Avatar photo

We’re Sorry. Here’s What Happened.

On November 4th, 2013, Keen IO experienced a brief period of instability. In fact, it was three brief periods (lasting only minutes each) of instability over the course of about four hours. It started just before 12 PM Pacific time and was completely resolved a little before 4 PM Pacific time. This is a long time for a customer-facing incident; luckily, we were able to reduce the customer-impacting time periods to only a few minutes.

The core of our business is built on transparency and trust. I’m going to share a number of technical details here that will hopefully explain what went wrong and the steps we took to mitigate the immediate symptoms and the steps we took to fix the underlying issues now so this type of thing doesn’t happen again.

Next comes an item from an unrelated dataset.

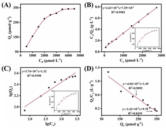 Five hundred μL of MIPs@Fe3O4-NH2 at 10 mg/mL was accurately pipetted and 500 μL of PCA solution with a concentration gradient of 0.2~0.8 mM (final concentration of 0.1~0.4 mM) was added, shaken for 50 min, and the material was removed using an aqueous filter with 0.22 μm pore size. After that, their absorbance was measured for the calculation of adsorption Q. Equilibrium adsorption isotherms of MIPs@Fe3O4-NH2 were plotted according to the relationship between Q and concentration of PCA. Later, the Langmuir isotherm fitted curve and Freundlich isotherm fitted curve were carried out using Equations (3) and (5), and the two isotherm models were linearly analyzed according to Equations (4) and (6). In addition, Scatchard adsorption thermodynamic analysis of PCA adsorption by MIPs@Fe3O4-NH2 was performed using Equation (7):

This post is no excuse for the occurrence — we must and will do better in the future.

Prerequisites

Before proceeding, I should explain two things. Bear with me.

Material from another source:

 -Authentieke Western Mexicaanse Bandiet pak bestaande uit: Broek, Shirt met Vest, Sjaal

1.) When you’re a customer of Keen IO, you’re actually writing into / querying from multiple sources: our first architecture, backed by Mongo, and our second architecture, backed by Storm and Cassandra. The second is vastly more performant, and all of our biggest customers are on that. What that means is that all of their data is being written into Cassandra and all of their queries are processed by our Storm tier. However, we still write all data to Mongo.

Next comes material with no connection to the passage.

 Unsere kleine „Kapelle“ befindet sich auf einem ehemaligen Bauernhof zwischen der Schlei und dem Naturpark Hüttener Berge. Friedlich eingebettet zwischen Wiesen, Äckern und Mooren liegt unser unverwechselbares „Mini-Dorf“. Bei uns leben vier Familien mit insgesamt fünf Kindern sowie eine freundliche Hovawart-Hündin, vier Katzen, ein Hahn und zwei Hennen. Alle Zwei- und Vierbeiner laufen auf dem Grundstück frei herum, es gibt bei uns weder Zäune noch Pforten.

The important distinction to make here is that the second architecture exposes a property on every event called “keen.id”. It’s what you’d expect — a collection-unique identifier for each event. The first architecture doesn’t expose this. While we certainly have internal ids we never added them to the data layer exposed to our customers.

2.) One of the features our customers love is the fact that our API is schema-less. You don’t have to set up tables or columns before sending us your data. Just shoot us some JSON and we’ll make sense of it. We call this “inferring schema”. Think of this happening asynchronously when writing events — we keep a count of the number of times we’ve seen a certain property, along with counts of what data type that property has had — string, number, etc.

What Happened

Right before noon, our monitoring started to alert us that something unusual was happening. We saw elevated numbers of exceptions (normally we see only a few a day and fix the underlying causes quickly). Charts related to our reverse proxy showed a HUGE spike in nginx writing connections (going from about 2,000 across all our load balancers to 100,000) that correlated to (smaller) dips in requests per second. The app servers in one of our data centers were completely loaded. API requests were still getting through to that DC, but very unreliably. Here are some screenshots of what we saw:

Nginx reading/writing/waiting connections (the spikes are pretty obvious):

0_yPczwnyrd17UKwN5.png

Nginx requests/second (look at the dips in RPS):

0_RUQw2QZgmxhsnec7.png

App server (the timeframe is different from the above charts but you can see the build-up, eventual 100% memory usage, and then steep drop-off as the Python processes were restarted):

0_iRQT7Nznp1AprkTw.png

The first thing we did was to attempt to relieve stress on the loaded app servers. We recently switched DNS providers to Dynect. It allows us to dynamically move traffic associated with specific geographic regions to different hosts very quickly. It also continually monitors the IPs we tell it to serve — if Dynect detects that any of those stop responding, it will cease serving those IPs via DNS. We immediately shifted traffic to our other DC — this almost immediately brought our connection load back to normal.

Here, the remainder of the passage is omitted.